A weighted moving average is a technique that can be used to smooth out time series data to reduce the “noise” in the data and more easily identify patterns and trends.
The whole idea behind a weighted moving average is to take the average of a certain number of previous periods to come up with an “average” value for a given period, while giving more weight to more recent time periods.
In this tutorial, we show how to find weighted moving averages for time series data in Excel.
Example: Weighted Moving Averages in Excel
Suppose we have the following dataset that shows the sales for a certain company during 10 periods:
We can perform the following steps to calculated weighted moving averages for this time period:
Step 1: Decide how many previous periods to include in the weighted moving average calculation.
We’ll use three periods for this example.
Step 2: Decide what weights to assign each period.
We’ll assign the weights as follows:
- 0.5 for the current period
- 0.3 for the previous period
- 0.2 for two periods back
Note that the total weights must add up to 1.

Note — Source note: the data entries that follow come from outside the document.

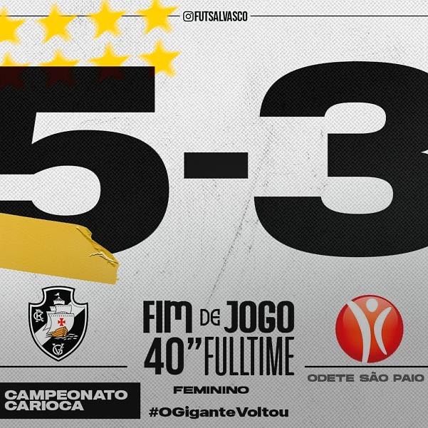 Futsal Feminino: Vasco vence o Odete São Paio por 5 a 3 em sua estreia no Carioca
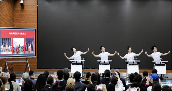中国研究生“文化中国”两创大赛的是中国研究生创新实践系列大赛主题赛事之一,是系列大赛中首个文科主题的创新实践公益性赛事。研究生院高度重视,积极响应并精心组织音乐舞蹈学院多个作品、课程参加大赛初赛申报,最终由音乐舞蹈学院尕藏教授、华毛措教授、孟祥宇老师担任指导教师,2023级舞蹈教育方向研究生曾张诚作为主讲学生,以及胡靖、李林达、赵恩菥、杨雯雯作为展示学生的《美育浸润——湖北民间地域特色中学课桌舞》课程在全国的107门课程中脱颖而出,成功晋级全国总决赛。
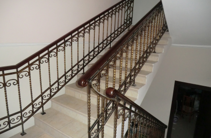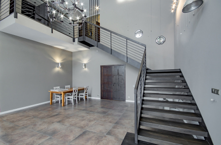 Лестница выглядит эффектной за счёт отделки чёрным дубом и использования подсветки ступеней. Она выполнена в виде абстрактного орнамента, напоминающего стилизованные ветки дерева. Стена здесь оформлена декоративной штукатуркой, повторяющей структуру натурального камня с золотыми прожилками.
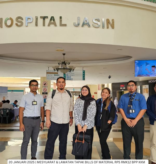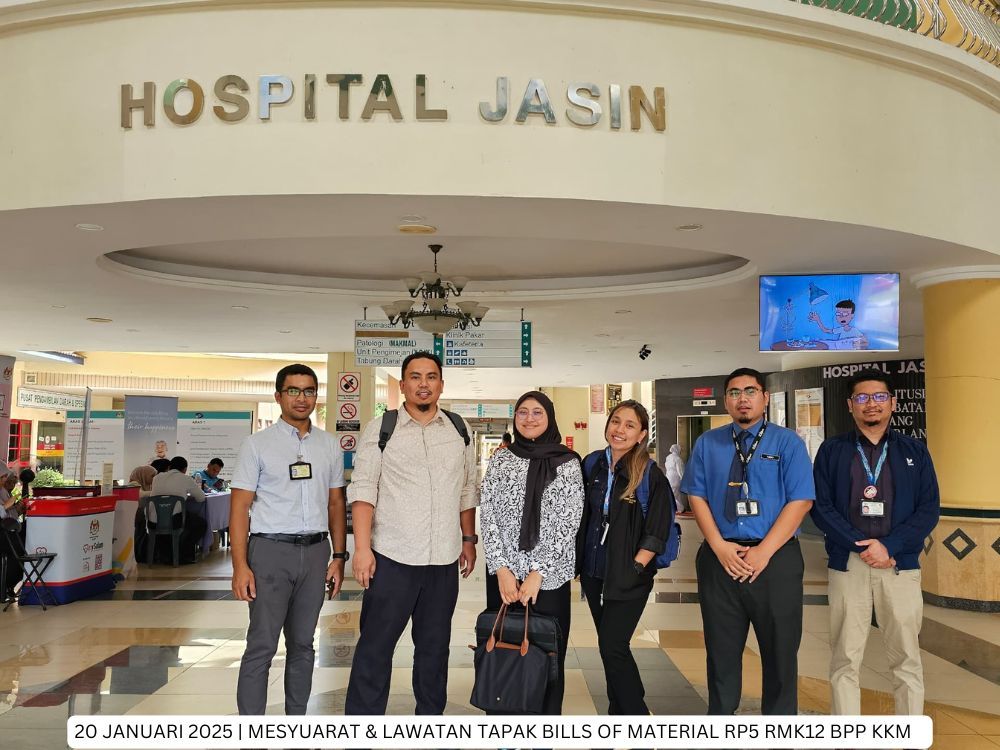 Hospital Jasin | 20 Januari 2025 - Pasukan dari Bahagian Perkembangan Perubatan KKM dan Unit Operasi & Pengurusan Rangkaian, Bahagian Pengurusan Maklumat KKM telah mengadakan mesyuarat dan lawatan bagi menilai infrastruktur rangkaian di Hospital Jasin. Selain itu, mereka turut membuat lawatan tapak di lokasi-lokasi klinikal bagi menilai lokasi yang mempunyai keperluan peralatan ICT untuk kegunaan sistem MPIS.
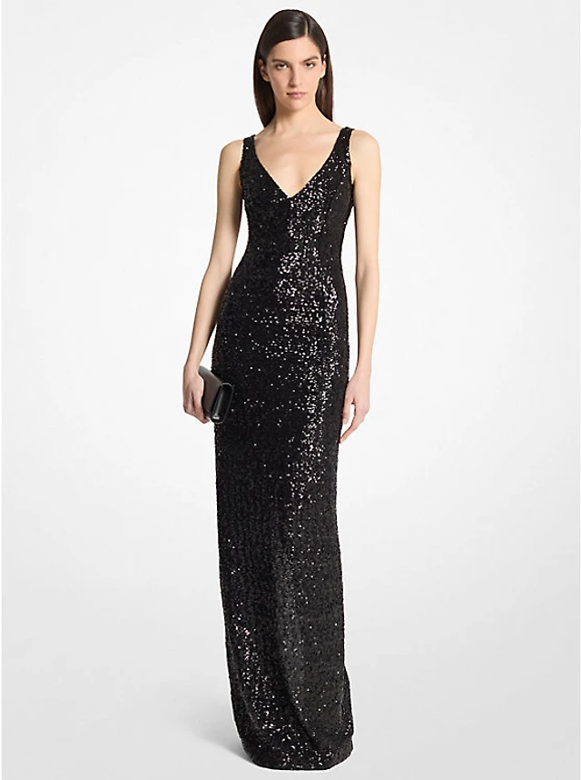 Hand-Embroidered Sequin Stretch Matte Jersey Mock Neck Gown
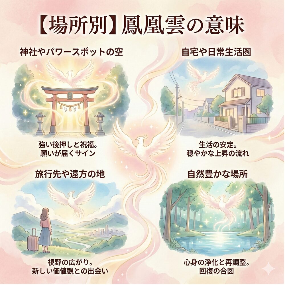 神社やパワースポットの上空に鳳凰雲を見た場合、それは強い後押しや祝福の意味を持つサインと考えられます。もともと神聖なエネルギーが集まりやすい場所に、鳳凰という吉兆の象徴が重なることで、「今の願いや祈りが正しい方向へ届いている」というメッセージ性がより強まります。
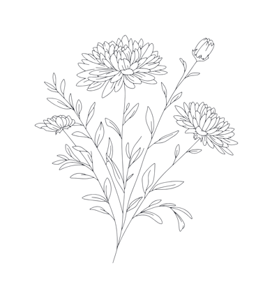 Skaisti ziedi. Delikāta krāsojamā lapa iedvesmai
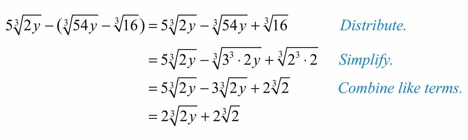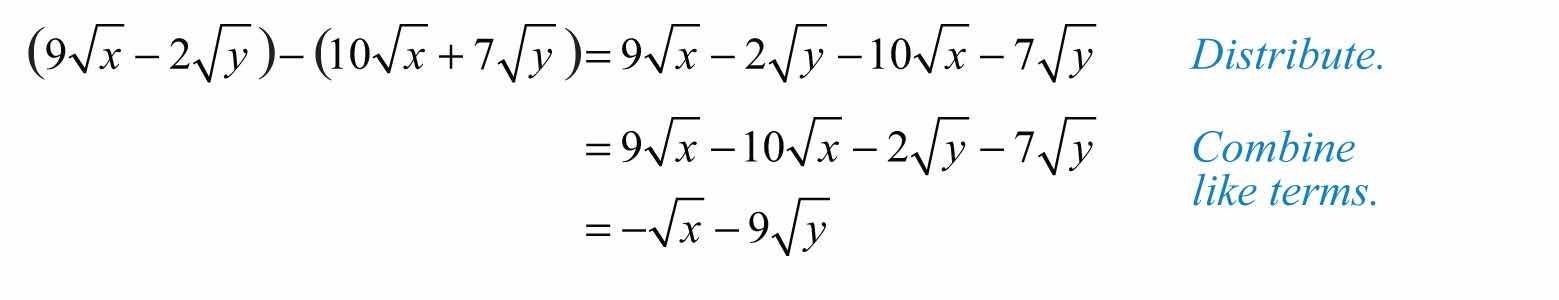 We will often find the need to subtract a radical expression with multiple terms. If this is the case, remember to apply the distributive property before combining like terms.
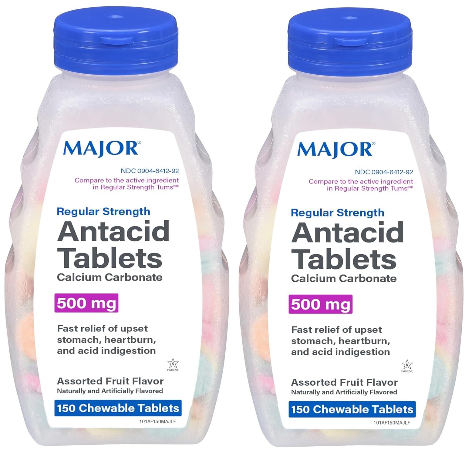 2 Pack Regular Strength Antacid Tablets Chewable Calcium Carbonate 150 Tablets 500mg Assorted Fruit Flavor, Gluten Free.
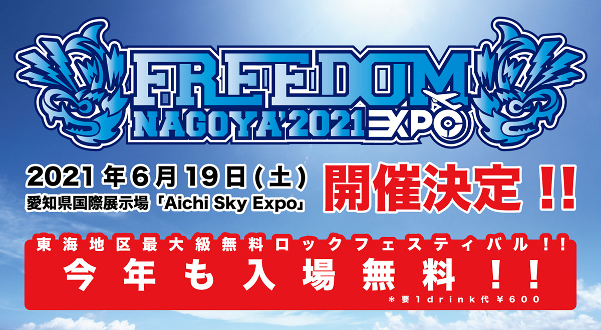東海地区最大規模の無料ロックフェスティバル『FREEDOM NAGOYA』が、今年は愛知県国際展示場「Aichi Sky Expo」に会場を変えて、6/19(土)に「FREEDOM NAGOYA 2021 -EXPO-」として開催する事を発表した。
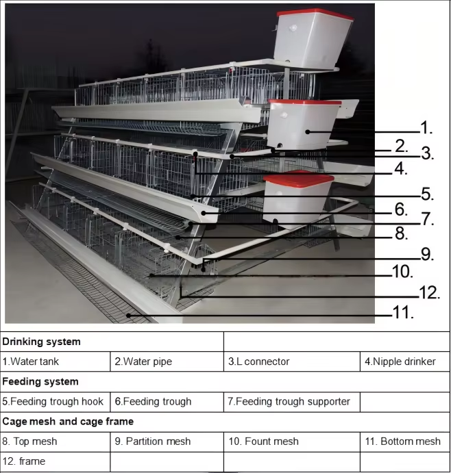 กรงไก่เชิงพาณิชย์แบบใช้แบตเตอรี่อัตโนมัติกรงไก่สำหรับฟาร์มผลิตไข่แบบแอฟริกัน
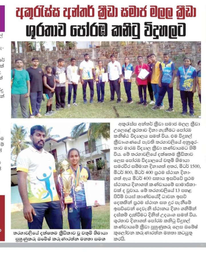 තිස් දෙවැනි ජාතික යෞවන ක්රීඩා උළෙලට සමගාමීව සංවිධානය කළ අකුරැස්ස අන්තර් යෞවන සමාජ ක්රීඩා උළෙල පසුගිය දා අකුරැස්ස පෝරඹ ක්රීඩාංගනයේදී පැවැත්විණි.ඒම ක්රීඩා උළෙලේදී සමස් ශූරතාවය දිනා ගැනීමට පෝරඹ කනිටු විදුහල් යෞවන සමාජය සමත් විය. මෙහිදී කැපී පෙනෙන ක්රීඩිකාව බවට පත් වූයේ පෝරඹ ක්රීඩා සමාජයේ චතුමි හිමායා සමරවීර ක්රීඩිකාවයි. වයස 20 න් පහළ කාන්තා අංශයෙන් තරඟ වැදුණු චතුනි හිමායා, මිටර් 1500, මීටර් 800 හා මීටර් 400 ඉසව් ත්රිත්වයෙන් ප්රථම ස්ථානය දිනා ගත් අතර මීටර් 100*4 සහ 400*4 සහය දිවීමේ ප්රථම ස්ථාන දිනාගත් කණ්ඩායමේ සාමාජිකාවක ද වුවාය.

Step 3: Calculate the weighted moving average for each period.
In the image below, column C shows the weighted moving average (WMA) for time period 3 and column D shows the formula we used to calculate it:
We can use a similar formula to find the weighted moving average for every time period:
If we create a line chart to visualize the actual sales vs. the weighted moving average, we’ll notice that the WMA line is more smooth with less peaks and valleys. This is the whole idea behind a weighed moving average – it allows us to see the true underlying trend of the data without the extra noise.
Making Adjustments to the Weighted Moving Average
There are two numbers you can adjust that will lead to different weighted moving average calculations:
The number of previous periods used. In our example we used three previous periods to calculate the weighted moving averages, but we could have chosen 4, 5, 6, etc. As a rule of thumb, the more periods you use in your calculations, the smoother the weighed moving average line will be.
The weights assigned to each period. In our example we assigned the weights as 0.5, 0.3, and 0.2, but we could have chosen any combination of weights as long as they added up to 1. As a rule of thumb, the more weight you give to the most current period, the less smooth the weighted moving average line will be.
To illustrate this, consider if we again used three periods for our WMA calculation but instead used the following weights:
- 0.7 for the current period
- 0.2 for the previous period
- 0.1 for two periods back
Since we gave so much weight to the current time period, the weighted moving average line would be less smooth and more closely resemble the actual sales line:
Simple Moving Averages vs. Weighted Moving Averages
A simple moving average is a way to calculate a moving average in which all time periods used in the calculation are given the same weight.
For example, if you use three time periods to calculate the moving average then the weight given to each time period would be 0.333. Or if you use four time periods to calculate the moving average then the weight given to each period would be 0.25.
A simple moving average is more straightforward to calculate, but the benefit of using a weighted moving average is that you can assign higher weights to more recent periods. This is useful if your data is trending in a certain direction and you want to get a more accurate idea of the trend.
For example, suppose you’re calculating the weighted moving average for points scored by a basketball player who is getting better and better as the season goes on.
Using a five-game moving average, you would want to place more weight on the points scored in their most recent game so that you can get a more accurate idea of how many points they’re expected to score.